ACTIVITY: Repeat the listing below in full and exactly. Pictures are to be omitted.

INFORMATION PROVIDED:
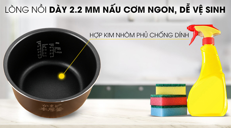 Lòng nồi bằng hợp kim nhôm dày 2.2 mm, có tới 4 lớp phủ chống dính an toàn cho sức khỏe, cho nhiệt lượng tỏa đều truyền đến từng hạt gạo giúp cơm thơm ngon, hấp dẫn.
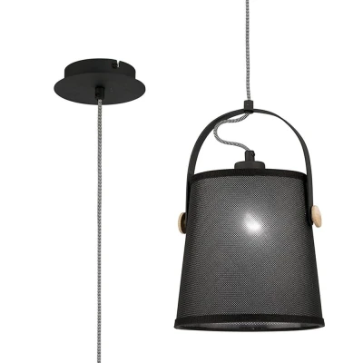 Nordica Ceiling Pendant with Black Shade 1 Light E27, Matt Black, Beech
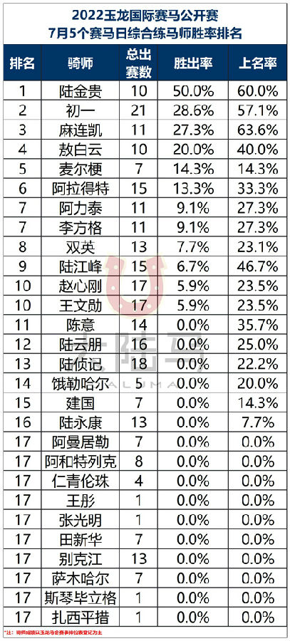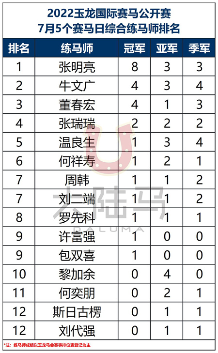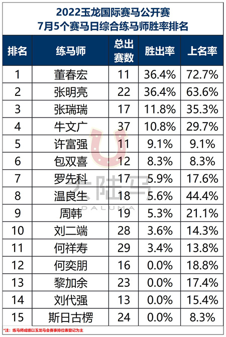 2022玉龙国际赛马公开赛7月【练马师、骑师排名】出炉了!
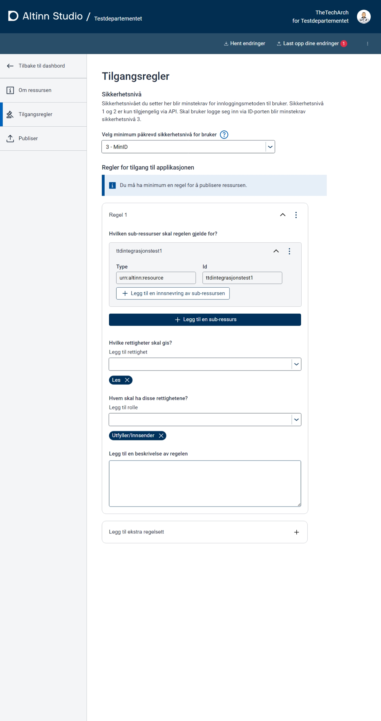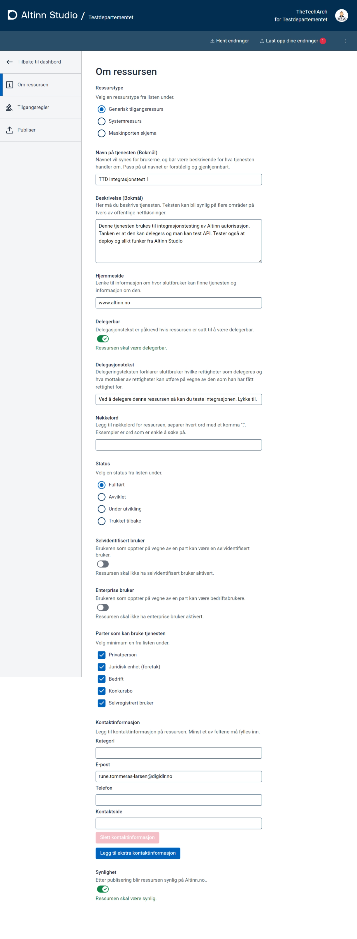 | Resourcetype | Type of resource. | Tilgangsstyring | Mulige verdier: Systemresource, MaksinportenSchema, GenericAccessResource | Yes |
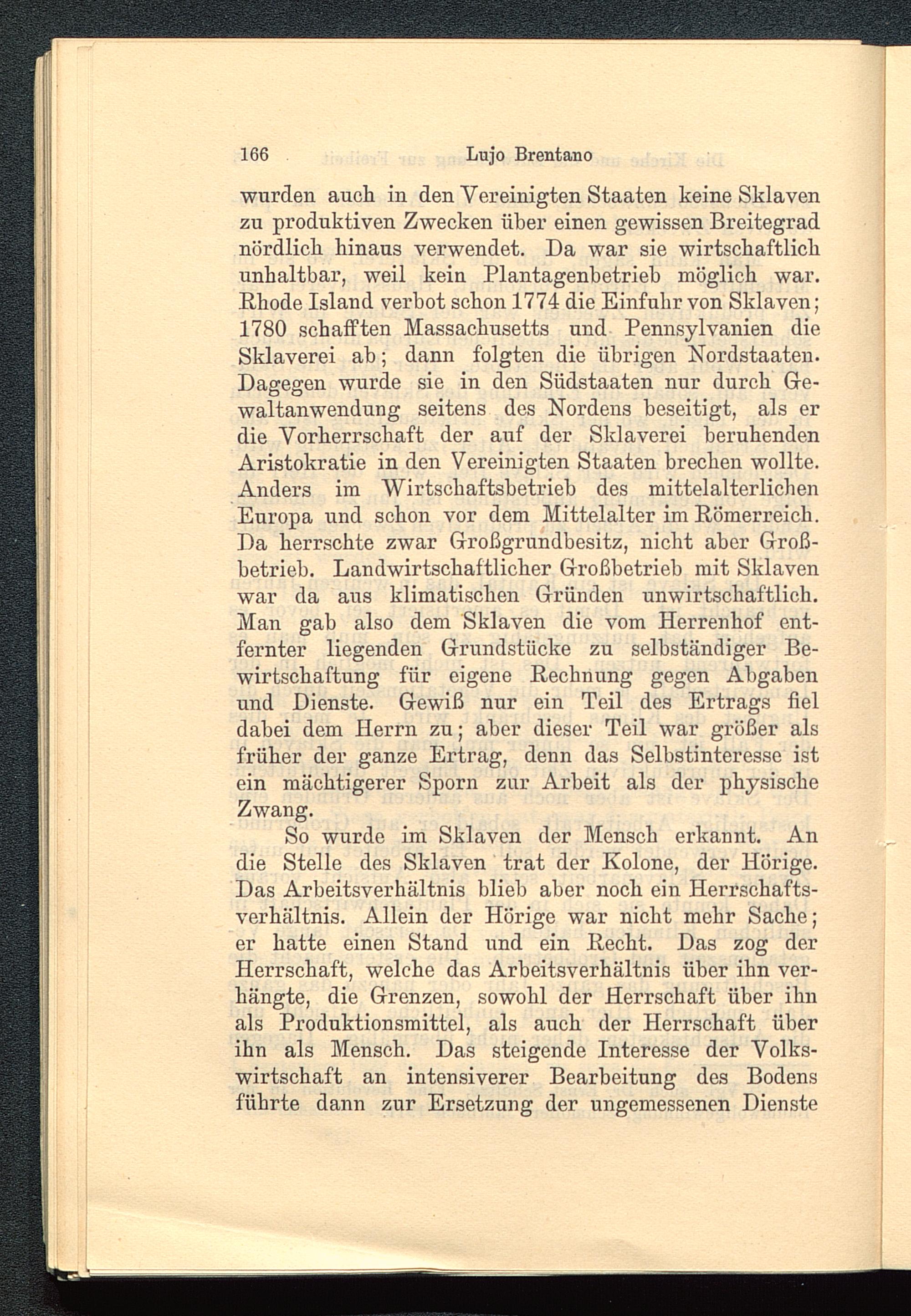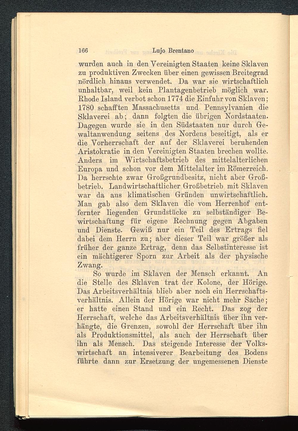 wurden auch in den Vereinigten Staaten keine Sklavenzu produktiven Zwecken über einen gewissen Breitegradnördlich hinaus verwendet. Da war sie wirtschaftlichunhaltbar, weil kein Plantagenbetrieb möglich war.Rhode Island verbot schon 1774 die Einfuhr von Sklaven;1780 schafften Massachusetts und Pennsylvanien dieSklaverei ab; dann folgten die übrigen Kordstaaten.Dagegen wurde sie in den Südstaaten nur durch Ge-waltanwendung seitens des Nordens beseitigt, als erdie Vorherrschaft der auf der Sklaverei beruhendenAristokratie in den Vereinigten Staaten brechen wollte.Anders im Wirtschaftsbetrieb des mittelalterlichenEuropa und schon vor dem Mittelalter im Römerreich.Da herrschte zwar Großgrundbesitz, nicht aber Groß-betrieb. Landwirtschaftlicher Großbetrieb mit Sklavenwar da aus klimatischen Gründen unwirtschaftlich.Man gab also dem Sklaven die vom Herrenhof ent-fernter liegenden Grundstücke zu selbständiger Be-wirtschaftung für eigene Rechnung gegen Abgabenund Dienste. Gewiß nur ein Teil des Ertrags fieldabei dem Herrn zu; aber dieser Teil war größer alsfrüher der ganze Ertrag, denn das Selbstinteresse istein mächtigerer Sporn zur Arbeit als der physischeZwang.

EXPECTED ANSWER:
 Lòng nồi bằng hợp kim nhôm dày 2.2 mm, có tới 4 lớp phủ chống dính an toàn cho sức khỏe, cho nhiệt lượng tỏa đều truyền đến từng hạt gạo giúp cơm thơm ngon, hấp dẫn.
 Nordica Ceiling Pendant with Black Shade 1 Light E27, Matt Black, Beech
 2022玉龙国际赛马公开赛7月【练马师、骑师排名】出炉了!
 | Resourcetype | Type of resource. | Tilgangsstyring | Mulige verdier: Systemresource, MaksinportenSchema, GenericAccessResource | Yes |
 wurden auch in den Vereinigten Staaten keine Sklavenzu produktiven Zwecken über einen gewissen Breitegradnördlich hinaus verwendet. Da war sie wirtschaftlichunhaltbar, weil kein Plantagenbetrieb möglich war.Rhode Island verbot schon 1774 die Einfuhr von Sklaven;1780 schafften Massachusetts und Pennsylvanien dieSklaverei ab; dann folgten die übrigen Kordstaaten.Dagegen wurde sie in den Südstaaten nur durch Ge-waltanwendung seitens des Nordens beseitigt, als erdie Vorherrschaft der auf der Sklaverei beruhendenAristokratie in den Vereinigten Staaten brechen wollte.Anders im Wirtschaftsbetrieb des mittelalterlichenEuropa und schon vor dem Mittelalter im Römerreich.Da herrschte zwar Großgrundbesitz, nicht aber Groß-betrieb. Landwirtschaftlicher Großbetrieb mit Sklavenwar da aus klimatischen Gründen unwirtschaftlich.Man gab also dem Sklaven die vom Herrenhof ent-fernter liegenden Grundstücke zu selbständiger Be-wirtschaftung für eigene Rechnung gegen Abgabenund Dienste. Gewiß nur ein Teil des Ertrags fieldabei dem Herrn zu; aber dieser Teil war größer alsfrüher der ganze Ertrag, denn das Selbstinteresse istein mächtigerer Sporn zur Arbeit als der physischeZwang.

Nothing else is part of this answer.